## AVAILABLE DATA
• • •

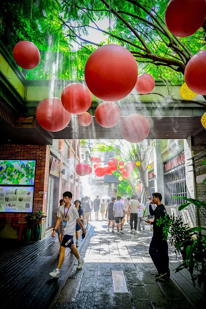 顶光最顶级的场景是丁达尔效应的光。我在过道两侧偶然遇到了喷雾的场景。阳光从上到下直射,穿透了雾气直通的路面。壮观的丁达尔光可以让人停下来观看,红色的大球悬挂在空中也提升了色彩和氛围。
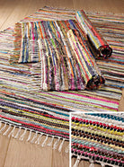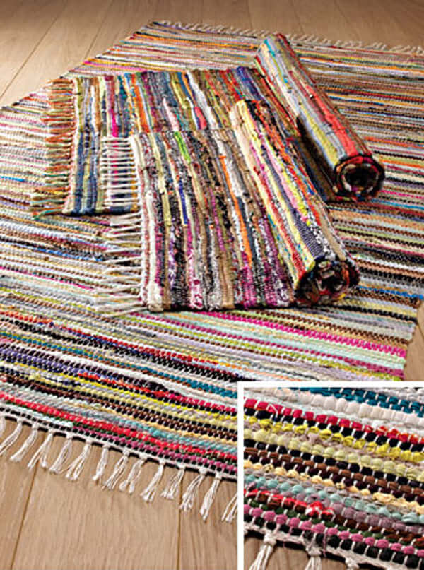 An Indian classic and a consistent best-seller, predominantly made from recycled cotton with some other mixed recycled fabrics. The GoodWeave label on this rug gives the best assurance that no child labour was used in the making of your rug.
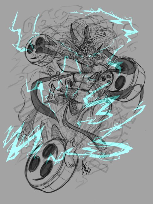 Finished line art for a Raijin #Commission along with the three concept design sketches. ⚡️👹⚡️#雷神 #rkgk
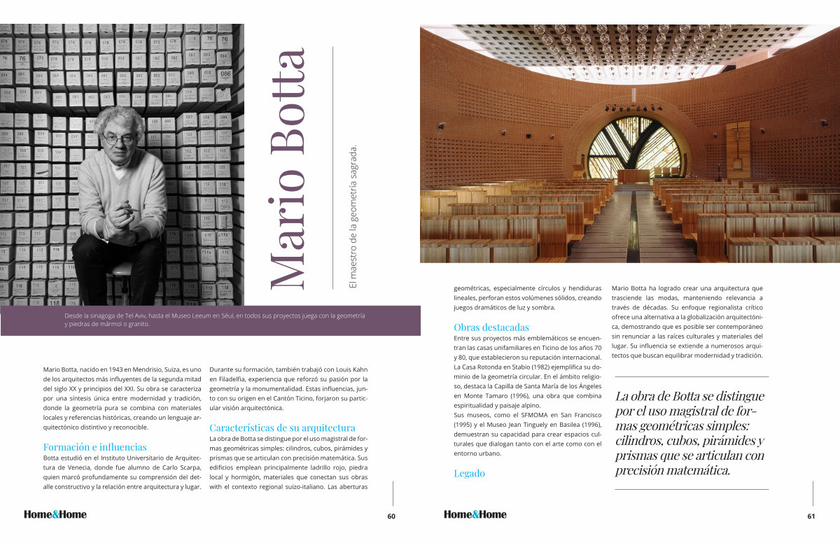 Mario Botta, nacido en 1943 en Mendrisio, Suiza, es uno de los arquitectos más influyentes de la segunda mitad del siglo XX y principios del XXI. Su obra se caracteriza por una síntesis única entre modernidad y tradición, donde la geometría pura se combina con materiales locales y referencias históricas, creando un lenguaje arquitectónico distintivo y reconocible.

• • •

## THE PROBLEM
Leave the pictures out and output exactly the lines above, from the start of the listing through the line with "Finished line art".

## EXERCISE OUTPUT
 顶光最顶级的场景是丁达尔效应的光。我在过道两侧偶然遇到了喷雾的场景。阳光从上到下直射,穿透了雾气直通的路面。壮观的丁达尔光可以让人停下来观看,红色的大球悬挂在空中也提升了色彩和氛围。
 An Indian classic and a consistent best-seller, predominantly made from recycled cotton with some other mixed recycled fabrics. The GoodWeave label on this rug gives the best assurance that no child labour was used in the making of your rug.
 Finished line art for a Raijin #Commission along with the three concept design sketches. ⚡️👹⚡️#雷神 #rkgk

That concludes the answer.